The laser detector and the travelling monitoring camera are arranged in the same plane vertical to the ground, the initial direction of the laser detector is parallel to the direction of the travelling monitoring camera, the laser detector rotates according to the indication of the travelling monitoring camera, and the processing core judges the position of the corresponding obstacle according to the detection result of the laser detector;

the operation shooting camera is used for shooting a color picture in the bulk bin, obtaining a cargo hold outline through an edge algorithm, fitting the cargo hold outline drawing with the color image, extracting RGB values of main colors of dry bulk cargo inside the cargo hold outline, establishing an RGB value set based on the RGB values under different brightness, stopping grab bucket action and giving an alarm when the values which are not in line with the values contained in the RGB value set appear in the inner range of the cargo hold outline.

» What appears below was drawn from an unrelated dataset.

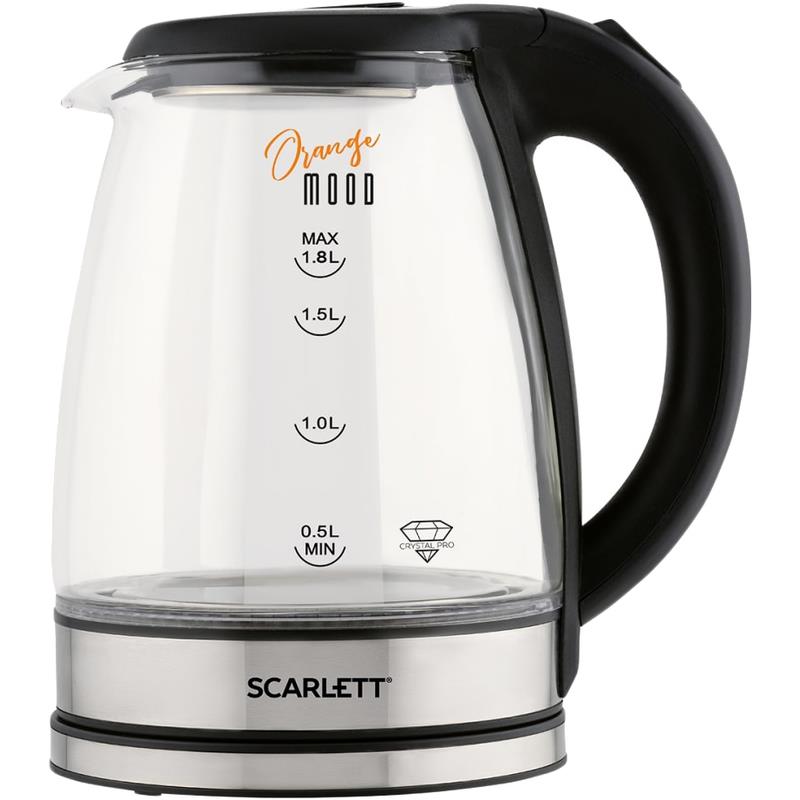 Электрический чайник SC-EK27G36 объемом 1.8 л оснащен традиционной системой открытия крышки. Эргономичная ручка, закрытый нагревательный элемент сделают эксплуатацию прибора еще проще и комфортнее. Внутренняя подсветка позволит наблюдать за завораживающим процессом кипячения. Классический черный цвет корпуса в сочетании с металлической декорацией позволит прибору вписаться в любой интерьер кухни.

2. The door machine security system based on visual monitoring according to claim 1, wherein the processing core detects the coordinates set in the real-time detection image, further detects edge information of a middle area in the image, which is bounded by coordinates of rails on two sides, and when the edge information of the middle area is detected, starts the laser detector to detect in a direction with the edge information, and sends a signal to the processing core according to a detection result.

3. The door machine security system based on visual monitoring according to claim 1, wherein the position judgment formula of the obstacle is a=sin|a|xc, wherein a is the distance between the obstacle and a central line represented by the direction of the travelling monitoring camera, a is the included angle between the laser detector and the central line represented by the direction of the travelling monitoring camera, c is the actual distance detected by the laser detector, and an alarm is given when a is smaller than a set threshold value, otherwise, the alarm is ignored.

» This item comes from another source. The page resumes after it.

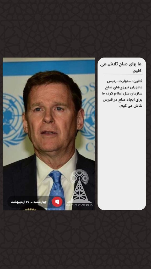 کالین استوارت، رئیس ماموران نیرویهای صلح سازمان ملل اعلام کرد: ما برای ایجاد صلح در قبرس تلاش می کیم.

4. The door machine security system based on visual monitoring according to claim 1, wherein the position judging method of the obstacle is to use the position of the travelling monitoring camera as a reference, the furthest distance shot by the camera and the track as a boundary, use laser to detect and detect the angle and the distance value of each point corresponding to the boundary, establish a detection set, and send out an alarm when the angle in the data detected in real time accords with the angle in the detection set and the distance value is smaller than the value in the detection set, otherwise ignore.

5. The door machine security system based on visual monitoring according to claim 1, wherein after the infrared camera shoots the face image of the driver, the processing core detects the eye position through an AdaBoost algorithm, and establishes a two-dimensional coordinate system of the eye image with the detected eye image, detects coordinate data of the edge information of the eye in the two-dimensional coordinate system of the eye image through an edge algorithm, further obtains the maximum distance between the upper eyelid and the lower eyelid and the width of the eye, multiplies the maximum distance between the upper eyelid and the lower eyelid and the width of the eye to obtain the eye opening area and establishes a standard eye opening area, and when the real-time monitored eye opening area is smaller than the standard eye opening area to reach a set proportion and a set duration.

6. The door operator security system based on visual monitoring of claim 5, wherein the door operator device sends a signal to the processing core each time a new face is identified, the processing core reestablishing a new standard eye opening area.